# [Collected material]
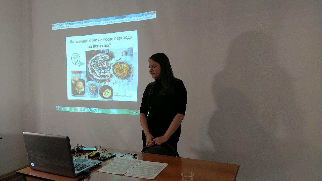 Лекторка сделала упор на том, что эмпатия к животным присуща почти всем людям, и в связи с этим быть веганом или веганкой – моральный минимум перед животными для каждого человека.
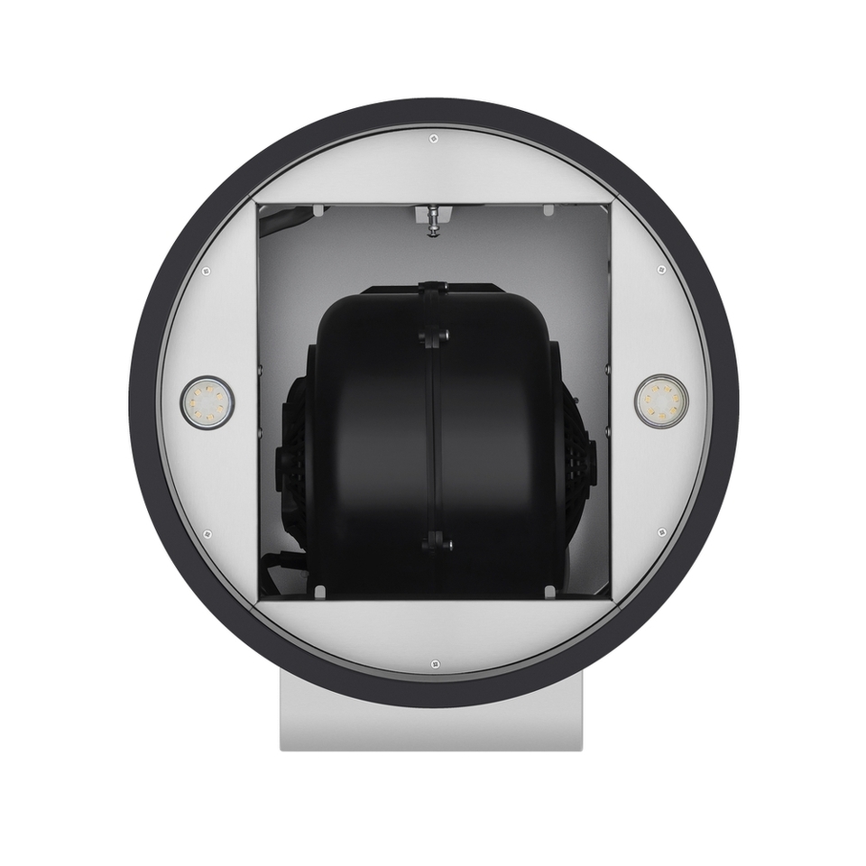 Корпус цилиндрической  формы, выполненный из матированной нержавеющей стали, монтируется на стене над варочной поверхностью. Торец рабочей поверхности имеет черную акцентную окантовку. Специальный многослойный жироулавливающий фильтр выполнен из алюминия.
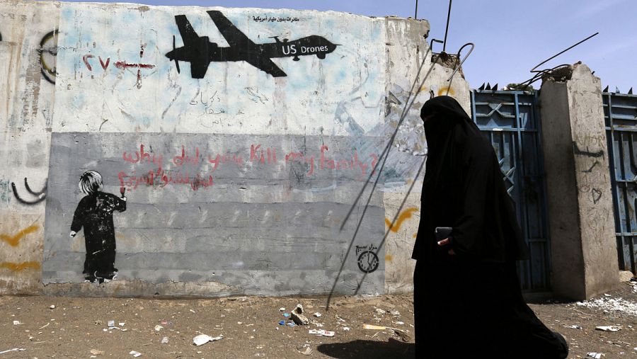 Una mujer camina junto a unas pintadas en contra de los drones estadounidenses y los ataques de EE.UU. contra supuestas pociones de Al-Qaeda en Saná, Yemen EFE/Yahya Arhab

# [Work item]
Look above for the line containing "Корпус цилиндрической  формы, выполненный"; output that line and all lines after it through the last one exactly, without the pictures.

# [Task output]
 Корпус цилиндрической  формы, выполненный из матированной нержавеющей стали, монтируется на стене над варочной поверхностью. Торец рабочей поверхности имеет черную акцентную окантовку. Специальный многослойный жироулавливающий фильтр выполнен из алюминия.
 Una mujer camina junto a unas pintadas en contra de los drones estadounidenses y los ataques de EE.UU. contra supuestas pociones de Al-Qaeda en Saná, Yemen EFE/Yahya Arhab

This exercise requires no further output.